Applying undertaker cost functions to model quality assessment.

John Archie1, Kevin Karplus

  • 1University of California at Santa Cruz, Biomolecular Engineering, Santa Cruz, CA, USA.

Proteins
|November 13, 2008
PubMed
Summary
This summary is machine-generated.

Undertaker program cost functions assess protein model quality effectively.
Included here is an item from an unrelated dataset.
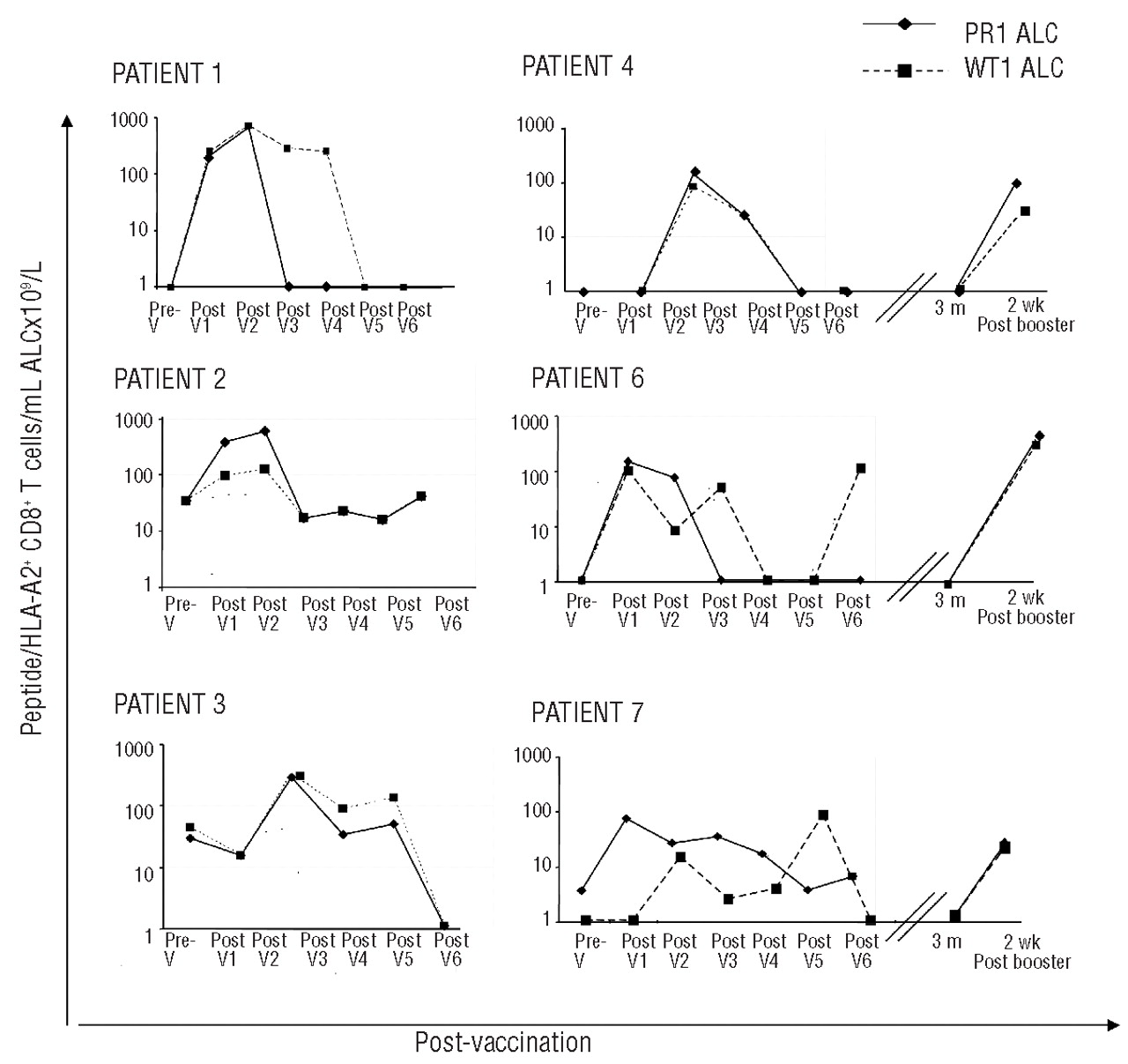 Figure 1.Kinetics of vaccine-induced PR1- and WT1-specific CD8+ T-cell response in 6 patients completing 6 courses of biweekly injections. Results in 6 individual patients who completed the vaccination program are shown. Weeks after vaccination are shown on the X-axis. PR1/HLA-A*0201+ (black diamond square and solid connecting line) and WT1/HLA-A*0201+ (black square and dashed connecting line) CD8+ T cells are expressed as absolute numbers per mL of peripheral blood (Y-axis). The vaccine-induced CD8+ T-cell responses after PR1 and WT booster injection for patients 4, 6 & 7 are presented. Abbreviations: ALC: absolute lymphocyte count, V: vaccine dose.

This protein structure prediction method achieves high accuracy without consensus techniques, improving further with them.

Related Experiment Videos

Area of Science:

  • Computational Biology
  • Structural Bioinformatics
  • Protein Science

Background:

  • Protein structure prediction is crucial for understanding biological function.
  • Accurate model quality assessment (MQA) is essential for reliable predictions.
  • Existing MQA methods often rely on consensus techniques.

Purpose of the Study:

  • To evaluate the effectiveness of Undertaker's cost functions for MQA.
  • To assess Undertaker's performance independently of consensus-based methods.
  • To explore the impact of consensus features on Undertaker's MQA accuracy.

Main Methods:

  • Utilizing Undertaker's cost functions for protein model quality assessment.
  • Generating protein conformations via fragment assembly.
  • Employing a novel weighted Kendall's tau (tau(3)) correlation measure.
  • Comparing performance with and without consensus-based features.

Main Results:

  • Undertaker's cost functions achieve MQA accuracy comparable to existing methods.
  • Performance significantly improves with the addition of consensus-based features.
  • Superior MQA results reported across all correlation measures for models without missing atoms.

Conclusions:

  • Undertaker's cost functions provide a robust MQA approach.
  • The method demonstrates competitive accuracy, especially when enhanced with consensus features.
  • This study highlights the potential of Undertaker for reliable protein structure assessment.